Secondly: when I saw revolution no longer as an abstract idea, but with my own eyes, the sight of all those men in dirty blouses so disgusted me, so sharpened my sense of what was true and just that, had I not been already married, I would have been capable of becoming a monk simply to assert my opposition.
And that was only the beginning. A life of action gradually pushed me further along the road of belief; my stay in Asia completed the process. Here one resorts to prayer throughout the day, for life is not without its dangers.
And thus it is that I am most sincerely, and completely, and profoundly Catholic. No, my dear friend, calm yourself.
I know you too well to take you for a hypocrite.

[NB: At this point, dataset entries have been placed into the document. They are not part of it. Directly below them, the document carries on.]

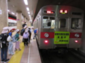 長野電鉄の長野駅から善光寺下駅までは、電車に乗りました。券売機で一人一人切符を買い、駅員さんに切符を見せて改札を通って…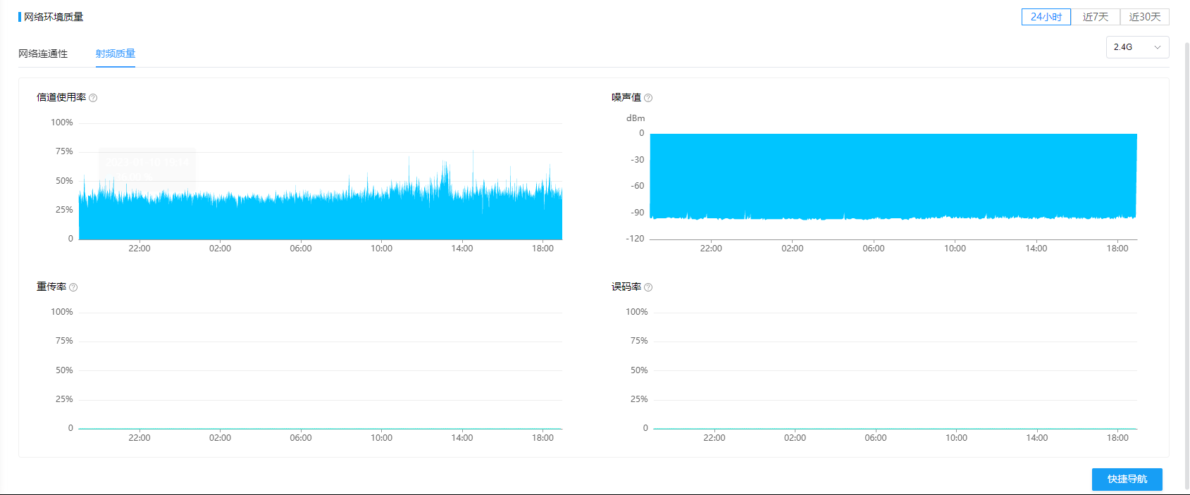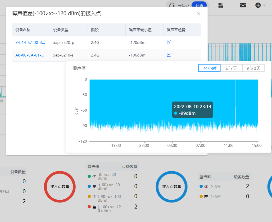 (1)统计方式:取项目内所有AP在时间范围内(24小时、最近3天、最近7天)的最小值。区间:0~-80dBm(优)、-80~-90dBm(良)、-90~-100dBm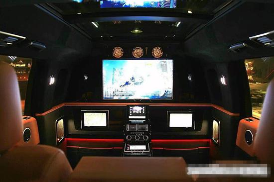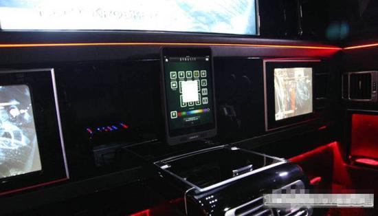 科技感十足,后舱控制器为一台平板电脑控制,以及各种功能按键及储物盒,配有几块led液晶娱乐屏幕,完全是土豪级的享受啊。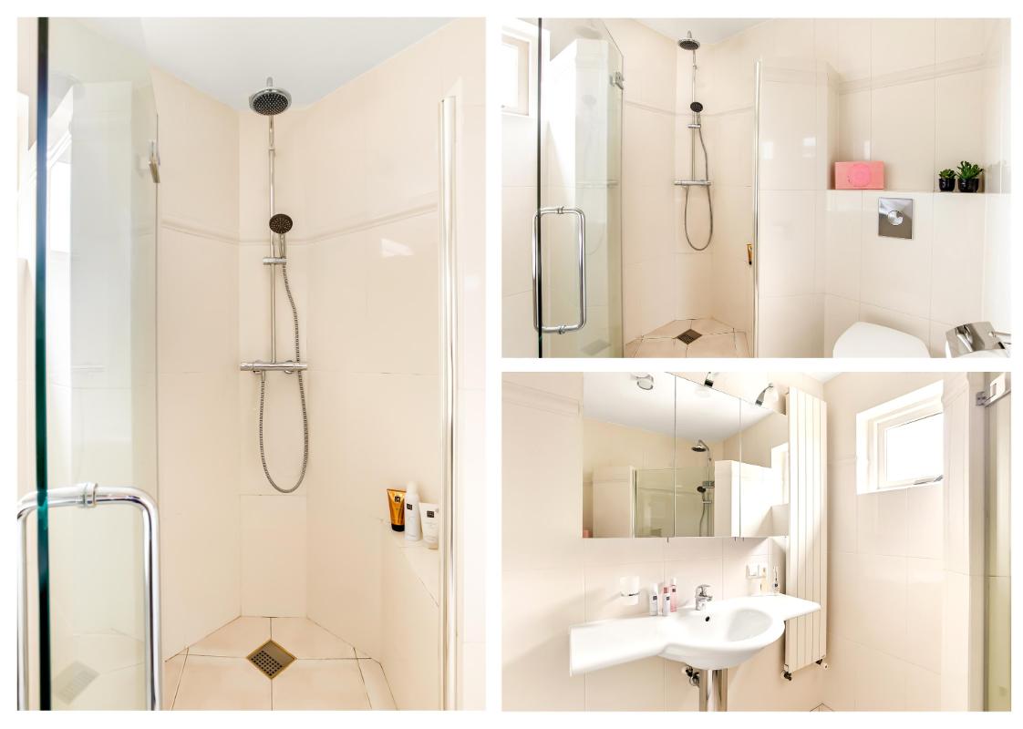 Op de eerste verdieping bevinden zich drie slaapkamers, waarvan twee mooi ruim en een nette badkamer. De badkamer is voorzien van een inloopdouche, een wastafel met meubel, een wandcloset en een designradiator. De afwerking is van goede kwaliteit en biedt ruim voldoende comfort voor het hele gezin.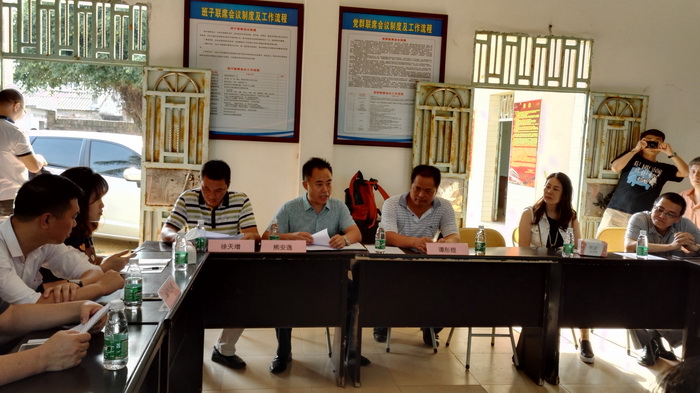 9月22日下午,在城月镇党委副书记谭彤裕等陪同下,宏大公司及广业其他扶贫责任单位在家寮村委会与镇、村干部进行了座谈交流。座谈会上,广业公司驻村队队长兼第一书记熊安逸介绍了家寮村基本情况、致贫原因、前期“精准扶贫”工作开展情况以及下一步精准扶贫的意见和建议;家寮村党支部书记徐天增提出家寮村和贫困户脱贫的具体需求和建议;城月镇谭彤裕副书记要求镇村干部认真履行脱贫的主体责任,全力配合广业公司精准扶贫工作。方书记代表宏大公司扶贫责任单位发言,表态将全力支持广业公司驻村工作队开展精准扶贫工作,共同努力帮助家寮村早日实现脱贫致富。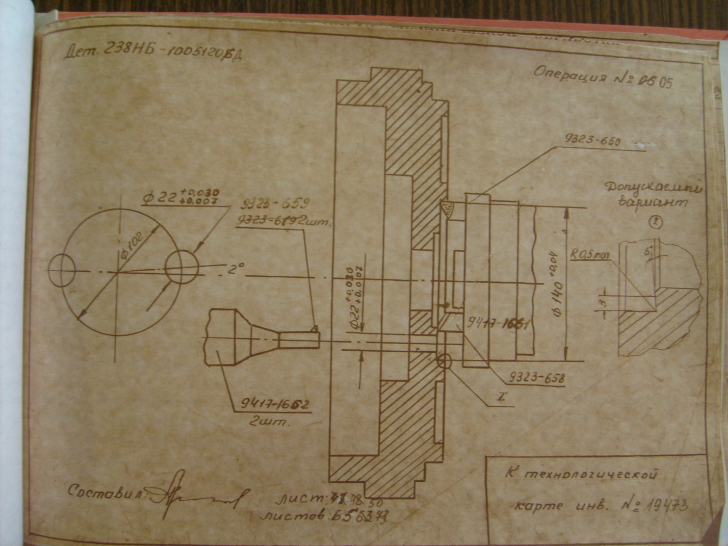 Установить на выточку Ø 140+0.4 под коленчатый вал, расточить окончательно Ø 415+0.12 на глубину 12 мм. Установить деталь в приспособлении и закрепить, снять деталь после обработки. Сверлить 8 отв. Ø 17.5+0.27 мм на проход. Точность расположения отв. В пределах 0.2 мм от номинал. положения. Ступенчатым сверлом сверлить 12 отв. Ø 8.43+0.22 х 12 на глубину 30 мм под резьбу М106Н и снять фаску в 12 отв. 1х90º. Нарезать резьбу М106Н и снять фаску в 12 отв. 1х90. Нарезать резьбу М106Н в 12 отв. на глубину 21 мм. Снять фаски 1±0.4х45 в 8 отверстиях Ø 17.7мм.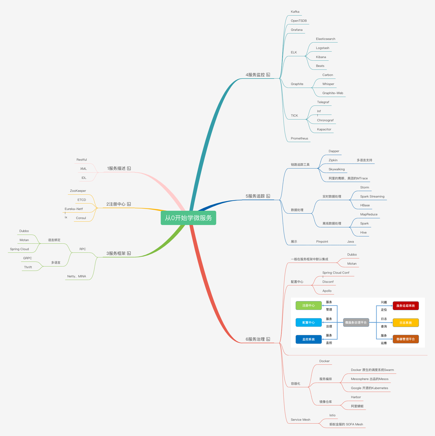 这6部分组合起来才称之为微服务。下面的链接是我做的一个思维导图,导图里面的有些内容我还没有完全学会,后期会做进一步的整理,如果大家喜欢的话,可以先记一下这个链接。

I believe you to be one of those—as numerous today as in the ages of faith—who, despite feelings of veneration and a sort of filial tenderness towards Christianity, yet remain, unfortunately, not absolutely convinced believers. A soul in this condition does not believe itself to be hypocritical when it pays every respect to a religion so benevolent and holy. It is among such villains that I have placed you.

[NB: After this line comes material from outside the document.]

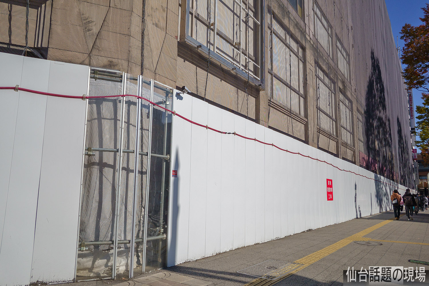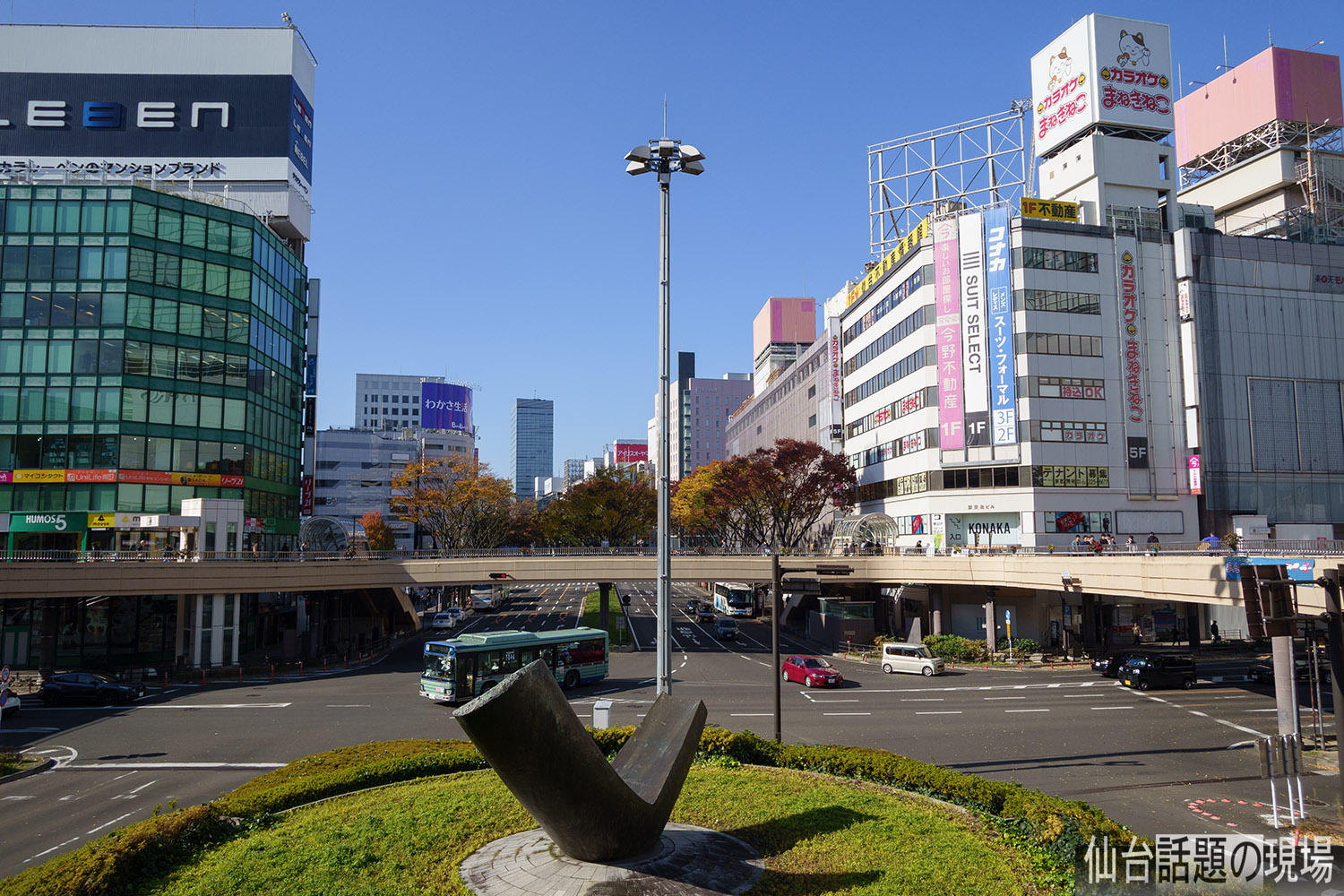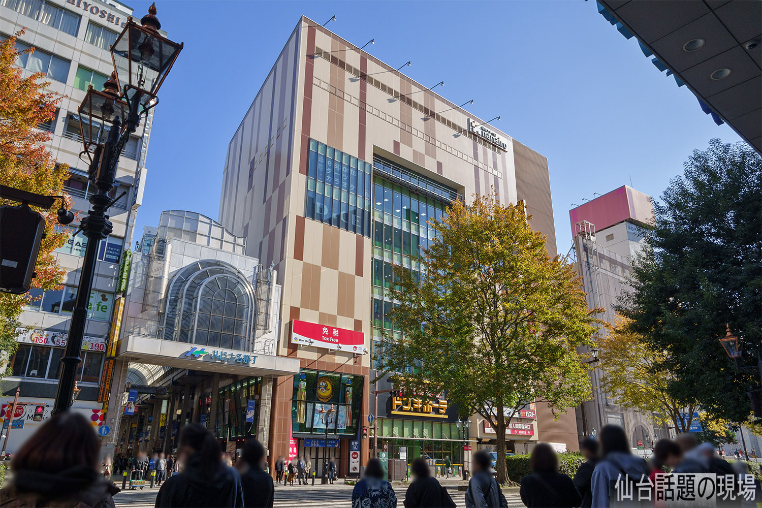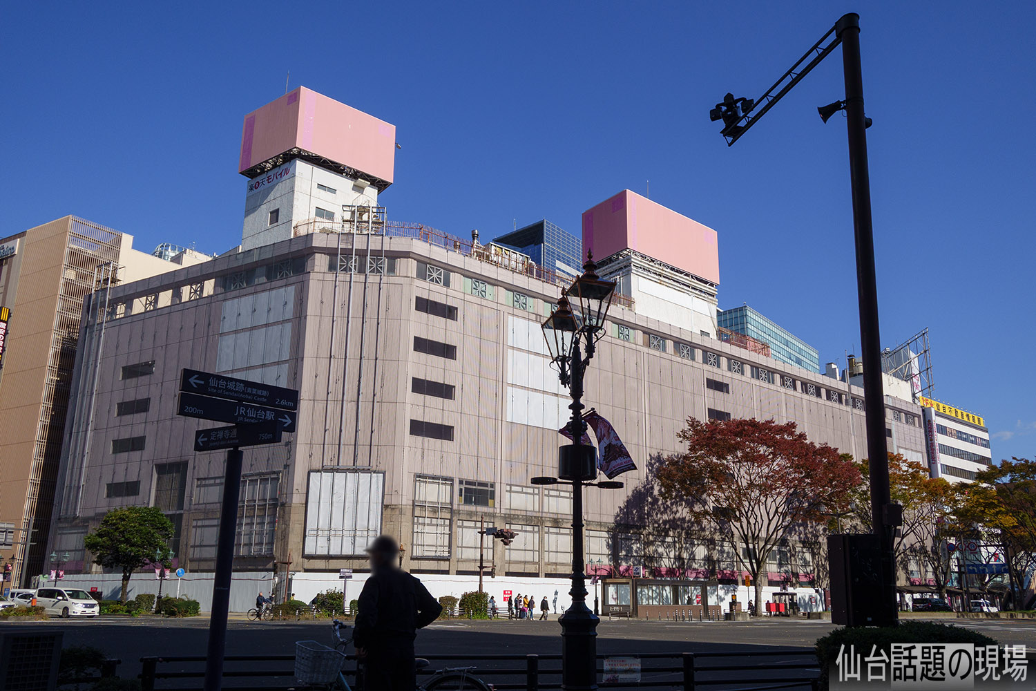 仙台駅を出ると、青葉通沿いの右側にあるのが旧さくら野百貨店の建物です。ちなみに角地の「カラオケまねきねこ」の看板のあるビルは別のビルです。

He concluded that race was the single most important factor determining the nature of human society , with the white race being responsible for all the great advances in history. He considered that his reasoning established that the black race had an "animal character, that appears in the shape of the pelvis"; has a crude yet powerful energy; and dull mental faculties but has an "intensity of desire". Christianity considers all men as brothers and equals. Sporadic waves of settlers. Click OK to close the Internet Options popup.
Forgive me. But I cannot believe that you do not realize the difficulties involved in reconciling your theories with either the letter or the spirit of Christianity. As for the letter—what is taught in Genesis if not the unity of mankind, its common descent from the same man? As for the spirit of Christianity—surely its distinctive quality is the desire to abolish all the racial distinctions still preserved in Judaism.
Thus Christianity treats all men as belonging to a single family whose members are equally capable of improving themselves. How can this spirit, as commonly understood by Christians, be reconciled with a philosophy of history which describes races as distinct and unequal in understanding, judgment, and behavior? And this inequality is attributed to unalterable and inborn predispositions which make it impossible for certain races ever to hope to improve themselves. Christianity considers all men as brothers and equals. Your theory regards them as cousins whose common ancestor is to be found only in heaven.
Here on earth, there are but conquerors and conquered, masters and slaves by right of birth. All this is so true that your doctrine is approved, cited, annotated—by whom?
By the owners of Negroes, by all those who favor eternal servitude and justify it by the theory of racial inequality. I know that in the Southern part of the United States there are clergymen nevertheless, slave owners who preach from their pulpits doctrines similar to your own. But you can be certain that the majority of Christians who are uninfluenced by this kind of self-interest will show not the slightest sympathy for your teachings.
I must say that reading your book has left me with doubts about the solidity of your faith. You tell me that in this I am mistaken, that you have become an absolutely convinced Christian. May Heaven hear you!